----- The data -----

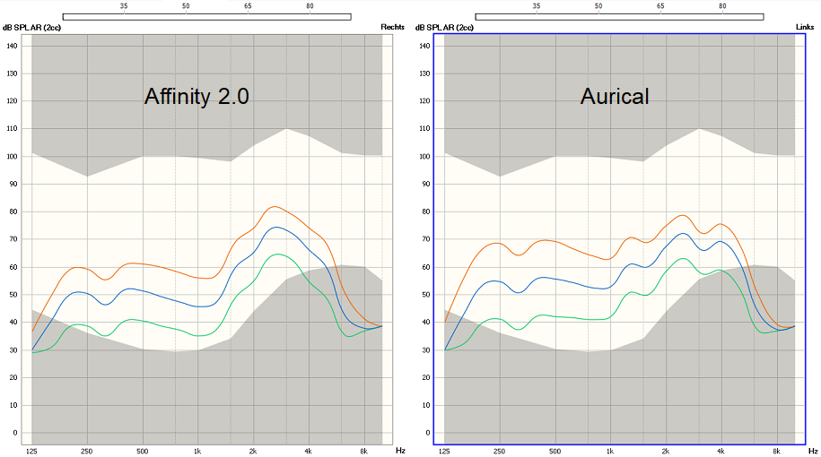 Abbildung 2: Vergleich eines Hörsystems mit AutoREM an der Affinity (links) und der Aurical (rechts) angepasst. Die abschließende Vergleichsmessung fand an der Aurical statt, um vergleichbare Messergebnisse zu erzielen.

-----
----- The data -----

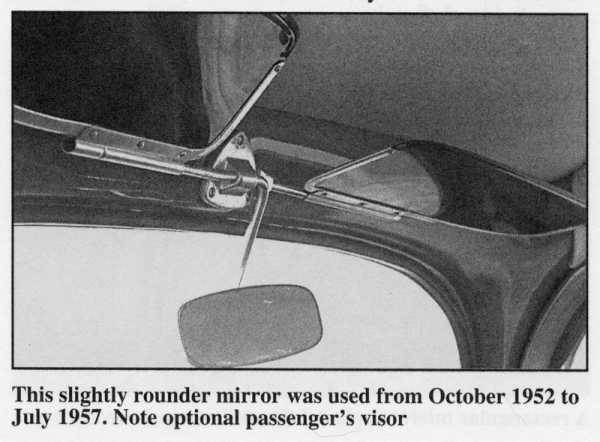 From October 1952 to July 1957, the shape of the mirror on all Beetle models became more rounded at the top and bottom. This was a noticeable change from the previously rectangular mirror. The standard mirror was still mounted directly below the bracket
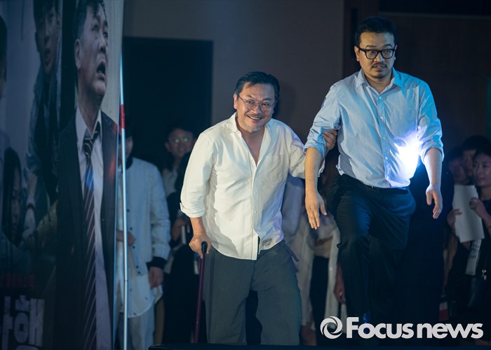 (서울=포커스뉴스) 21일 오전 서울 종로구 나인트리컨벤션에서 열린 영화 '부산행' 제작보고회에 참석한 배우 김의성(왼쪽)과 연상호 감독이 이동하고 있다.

-----
----- The data -----

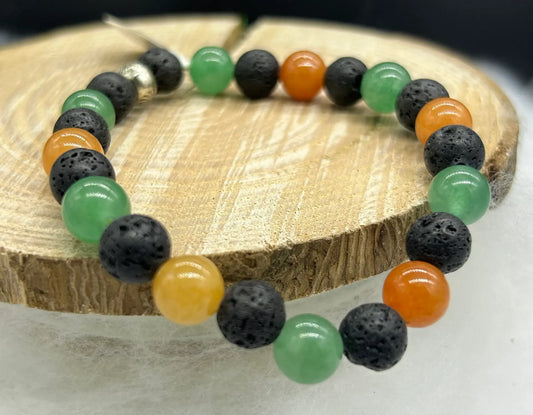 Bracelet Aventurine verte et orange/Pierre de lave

-----

Retype, exactly and with no pictures, everything above from the line with "From October 1952" down to the line with "(서울=포커스뉴스) 21일 오전", both included.

 From October 1952 to July 1957, the shape of the mirror on all Beetle models became more rounded at the top and bottom. This was a noticeable change from the previously rectangular mirror. The standard mirror was still mounted directly below the bracket
 (서울=포커스뉴스) 21일 오전 서울 종로구 나인트리컨벤션에서 열린 영화 '부산행' 제작보고회에 참석한 배우 김의성(왼쪽)과 연상호 감독이 이동하고 있다.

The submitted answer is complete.